Vietnam offers foreign-invested enterprises special favors

VietNamNet — Analysts and economists, siding with domestic businesses, have voiced great concern over the generous incentives given to foreign invested enterprises (FIEs) and the undervalued role of Vietnamese businesses in the national economy.

Do Duy Thai, general director of Viet Steel Corporation, said he would like to have some of the incentives the government offers to Formosa, the Taiwanese steel manufacturer in Ha Tinh province.

“If Vietnamese manufacturers were also offered such incentives, they would also be able to make all kinds of steel products the market needs,” he commented.

However, it seems that the special treatment is only given to FIEs.

Like Thai, many Vietnamese businessmen said they are envious of the preferential treatment FIEs can enjoy – tax incentives, preferential land-use right fees and priority in working with state management agencies.

“Foreign investors tend to be more and more demanding, while the government tends to overindulge them,” commented Pham Chi Lan, a renowned independent economist.

Lan said that by competing with each other to lure foreign investors and offering such investment incentives, provincial authorities have been “tripping each other up” and “killing” Vietnamese enterprises.

When Vietnam offers big incentives to Samsung, it also offers incentives in land and tax to Samsung’s satellite businesses.

Meanwhile, Vietnamese enterprises in the same business fields cannot enjoy such preferences. They still have to lease land at normal prices and pay the normal corporate income tax rate of 22 percent.

As a result, they cannot churn out products with competitive prices, and they can dislodged from the market.

Bui Kien Thanh, also a renowned economist, noted that it was unreasonable to give so many incentives to foreign investors and not to offer appropriate incentives to domestic ones.

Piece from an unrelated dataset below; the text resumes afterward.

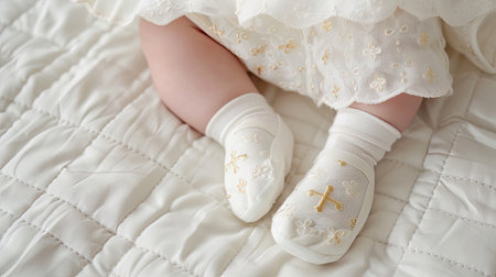 Close up of babys feet wearing white socks with gold crosses during a baptism ceremony.

Meanwhile, many foreign invested projects have not brought the designed effects.

A report released recently by the Central Institute of Economic Management (CIEM) and Copenhagen University showed that only 11 percent of Vietnamese enterprises have received technologies transferred from FIEs.

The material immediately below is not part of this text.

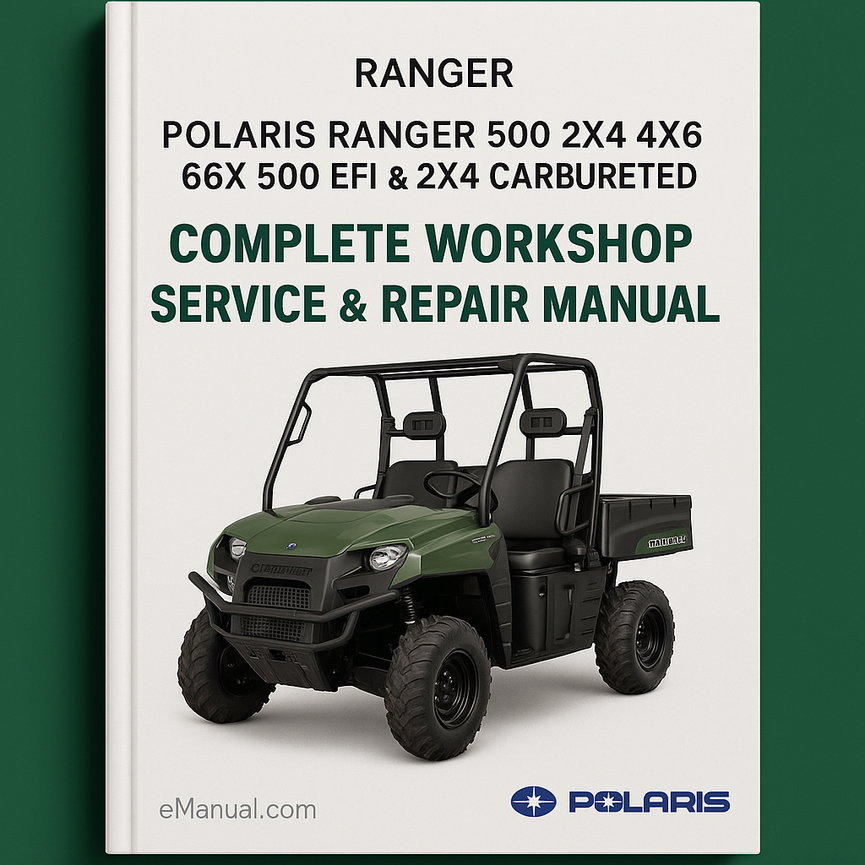 Polaris Ranger 500 2x4 4x4 6x6 500 EFI & 2x4...🏷️ Basic Information Identification Make: Polaris Model: Ranger Model Variant: 500 Model Variants Covered: 2x4, 4x4, 6x6 Engine Variants Covered: 500 EFI, 2x4 Carbureted Years Covered: 1999, 2000, 2001, 2002, 2003, 2004, 2005, 2006, 2007, 2008, 2009, 2010, 2011, 2012...

The conclusion was made after four years (2010-2013) of watching the operation of over 8,000 businesses in Vietnam.

The researchers noted that 66 percent of the technology transfer deals have been carried out among domestic enterprises.

An analyst, citing the report, commented that Vietnam should not entertain the illusion that it can encourage foreign technology transfer by luring more and more foreign investors to Vietnam.

Meanwhile, Lan pointed out that when offering big incentives to foreign investors, Vietnam is “taking the property of the poor to give to the rich”.

Vietnamese, as the poor, cannot get support from the state, while foreign investors, as the rich, can enjoy too many preferences.

The Investment and the Enterprise Laws both stipulate that businesses have the right to operate in leveling business environment.

However, Vietnamese enterprises, especially privately run ones, are facing significant disadvantages in accessing tax, and land and natural resources incentives.